05. Where Is Justice?

290 112 65
                                    

"LEA KARENA LO MIRA MATI!"

"LO JUGA HARUS IKUT MATI!"

"LEA LO GA PANTES HIDUP! MATI SANA!"

"LEA..."

"... mati ..."

"... mati ..."





"AHH!!"

Mataku terbuka dan langsung terduduk. Ah, ini mimpi buruk ternyata, jelas aku sungguh takut jika Mira benar-benar meninggal.

Aku mencoba menetralkan nafas, dengan berhati-hati aku mencoba menyentuh pelipis-

Ya Tuhan apa ini?!

Aku beranjak dari ranjang, lalu segera berlari ke kaca yang ada di dekat lemari.

"Lu-luka nya?" Aku kembali meraba sekujur tubuhku, bahkan di pergelangan tangan, sedikitpun tidak ada luka yang di buat Jennie dan Mira, apalagi luka di kakiku saat tersandung.

Tubuhku bersih tanpa luka. Hanya saja pergelangan kakiku masih terasa sedikit sakit.

"Lea?" Aku menoleh ke arah pintu, ada bang John disana, menatapku dengan raut wajah bingung. "Kenapa teriak?"

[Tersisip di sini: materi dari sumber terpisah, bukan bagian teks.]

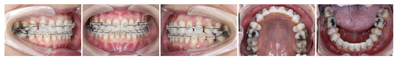 上颌减数14、24后直丝弓滑动法内收前牙改善突度,36、46牙周骨增量手术后前移直立两侧后牙关闭缺牙间隙。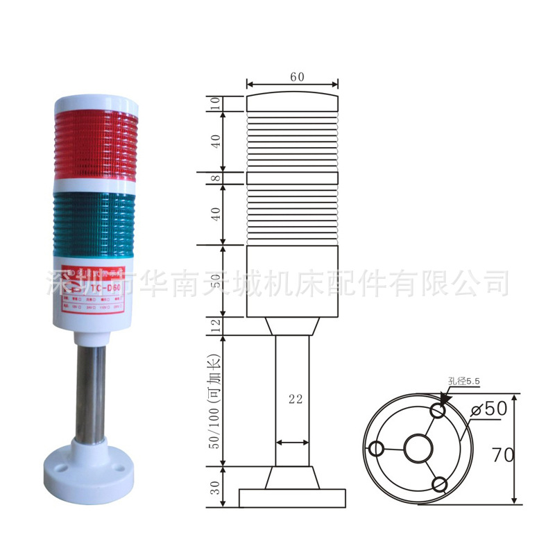 1)名称:LED两色警示灯直杆常亮DC24V蜂鸣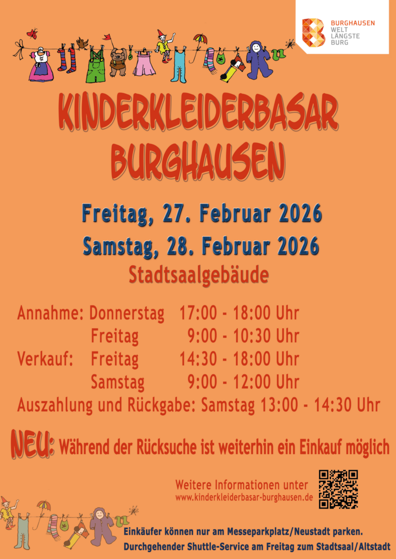 Die Stadt Burghausen veranstaltet von Donnerstag, 26. Februar, bis Samstag, 28. Februar, die Frühjahrsausgabe des Kinderkleiderbasars im Stadtsaal Burghausen (Altstadt). Der Basar bietet Familien die Möglichkeit, gut erhaltene Kinderkleidung, Schuhe, Spielwaren und Zubehör zu verkaufen und preisgünstig einzukaufen. Mit dem Kinderkleiderbasar verbindet die Stadt Burghausen nachhaltiges Handeln mit sozialem Engagement und Unterstützung für Familien.
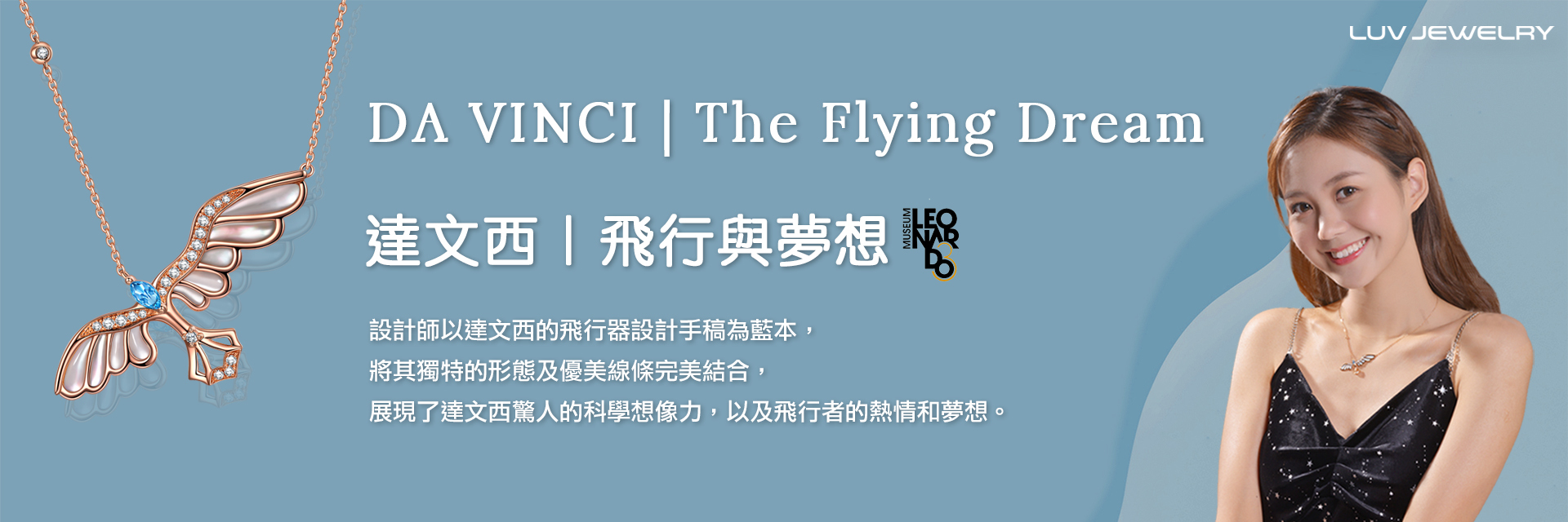 為紀念天才博學家李安納度·達文西 (Leonardo da Vinci) 逝世 500 週年,意大利國家級達文西博物館與 LUV Jewelry 攜手合作,傾力打造達文西「飛行與夢想」及 「達文西密碼」系列鑽飾,這也是達文西博物館首次與珠寶業界合作,透過鑽飾演繹達文西的獨特藝術天賦,每一件飾品也極具收藏價值,也必將成為各文藝愛好者的摯愛飾品。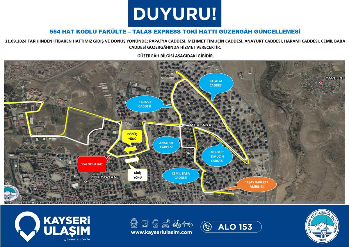 FAKÜLTE – TALAS EXPRESS TOKİ HATTI GÜZERGÂH GÜNCELLEMESİ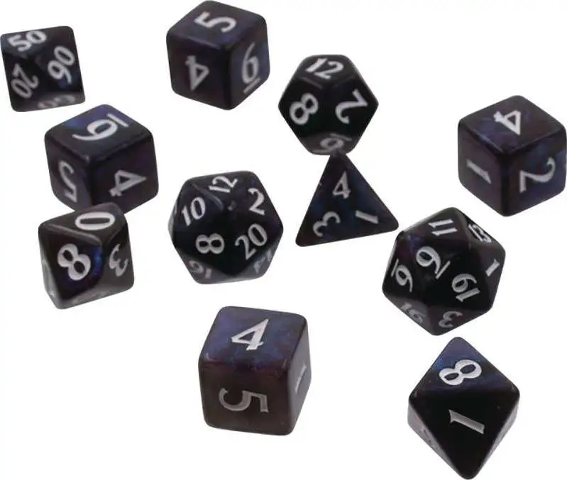 From Ultra Pro International. The Eclipse 11 Dice Set is a gamer’s best friend! While most RPG dice sets include only the polyhedral 7, Ultra PRO is here to help you UP your game with additional dice needed for modern RPG games. Each set includes D4, four D6, D8, two D10, D12, and two D20! The dice come in a 2-piece acrylic storage box with enough space for up to 40 dice, and sized to fit pens, markers, or other small RPG accessories. Eclipse Dice feature a shimmering finish that makes every roll magical!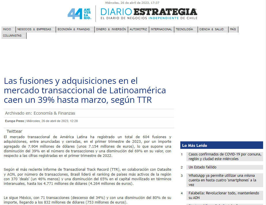 Las fusiones y adquisiciones en el mercado transaccional de Latinoamérica caen un 39% hasta marzo, según TTR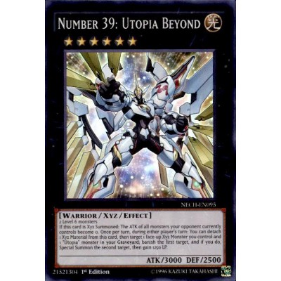 Utopia x1 number c39. The artwork book of kazuki takahashi released on december 2011 revealed that this card originally had the number 3 instead of 39 as the artwork shows 03 on utopias shoulder. The effect that negates the attack is a trigger effect2 neither effect targets2 the xyz material is detached as a cost to activate the effect that negates the attack2 during the attack declaration when the opponent already activated a card like dimensional prison you cannot chain this cards effect2 the effect that destroys itself is a trigger effect2 if number 39.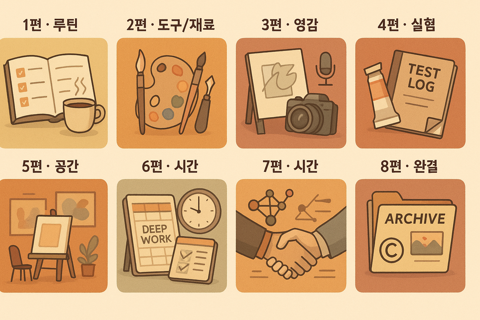 읽는 순서 추천: ① 루틴 → ② 도구·재료 → ③ 영감 → ④ 실패·실험 → ⑤ 공간 심리 → ⑥ 시간 관리 → ⑦ 협업 → ⑧ 아카이브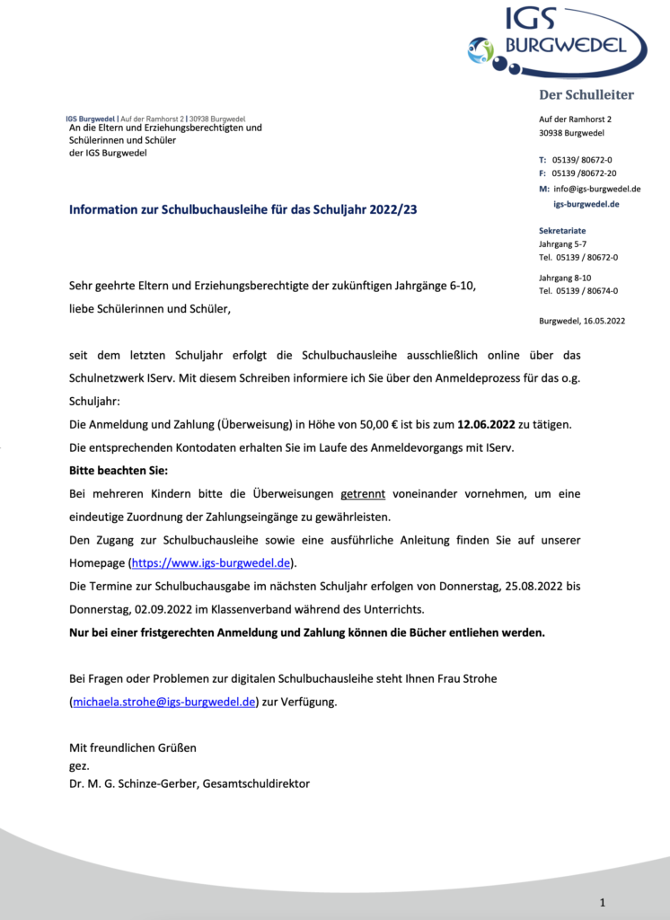Informationen zur Schulbuchausleihe für das kommende Schuljahr Anleitung Schulbuchausleihe Hier gelangen Sie/ gelangt ihr zu einer hilfreichen Anleitung zur digitalen Schulbuchausleihe. IGSBurgwedel 19. Mai 2022 Allgemein Weiterlesen Vorheriger BeitragAnmeldung von Schülerinnen und Schüler aus der UkraineNächster BeitragDie IGS Burgwedel nimmt am Schulsanitätsdienst-Wettbewerb teil Das könnte dir auch gefallen Die IGS Burgwedel setzt sich kreativ und vielseitig für die Zukunft ein 31. Juli 2024 Juniorwahl 2021 – Burgwedeler Nachrichten und AltkreisBlitz berichten 28. September 2021 Auf Entdeckungsreise in Paris 25. September 2023

"Engga, tadi cuma mimpi buruk," ujar ku.

Bang John lantas mengangguk, "yaudah, selesai mandi turun ke bawah ya, kita makan bareng." Aku mengangguk seadanya, lalu bang John langsung pergi dari sana.

Sedangkan aku di sini masih bingung, dan juga aku... takut.

Aku menghiraukan itu untuk sementara waktu, lalu segera mungkin berlari ke kamar mandi. Aku takut juga jika telat pergi ke sekolah nantinya.

Setelah siap aku langsung berjalan ke dapur, disana sudah ada bang John di meja makan. Bang John menatapku seperti biasanya, datar. Aneh sekali, bukannya dia kemarin melihat aku luka-luka juga ya?

"Lea cepetan makan, nanti abang yang anterin ke sekolah," ujar bang John, membuat aku buru-buru duduk di salah satu kursi.

Kami makan dengan keadaan hening, aku dan bang John memang agak canggung semenjak sudah beranjak remaja. Entahlah aku terkadang jika bersamanya, merasa seperti bukan dengan saudara sendiri karena canggung.

"Eum, bang." Panggilku ke bang John, dengan cepat bang John langsung menoleh ke arahku.

"Muka ku sama yang kemarin beda ga?"

Bang John tampak memicingkan kedua matanya, lalu dia menggeleng, "engga, kamu kaya kemarin kok." Jawab bang John tampak yakin.

"T-tapi kemarin bukannya abang liat-"

"Ah, udah mau jam tujuh. Udah kan makannya? Ayo cepet, abang juga harus buru-buru ke kantor," bang John memotong cepat ucapanku setelah dia menatap arloji miliknya.

Lagi-lagi aku hanya mengangguk pelan, lalu meneguk air di gelas.

***


"Kamu yang baik belajarnya ya."

"Iya, abang hati-hati."

Bang John tersenyum mendengar ucapanku, lalu setelahnya ia langsung meninggalkan perkarangan sekolah.

Lagi dan lagi aku harus mengucapkan bahwa aku sangat takut, sungguh.

Ketakutan ku semakin menjadi-jadi kala berjalan di koridor sekolah. Semua orang berbisik saat aku melewatinya. Ada juga yang terus terang menatapku sinis dan berbicara lantang.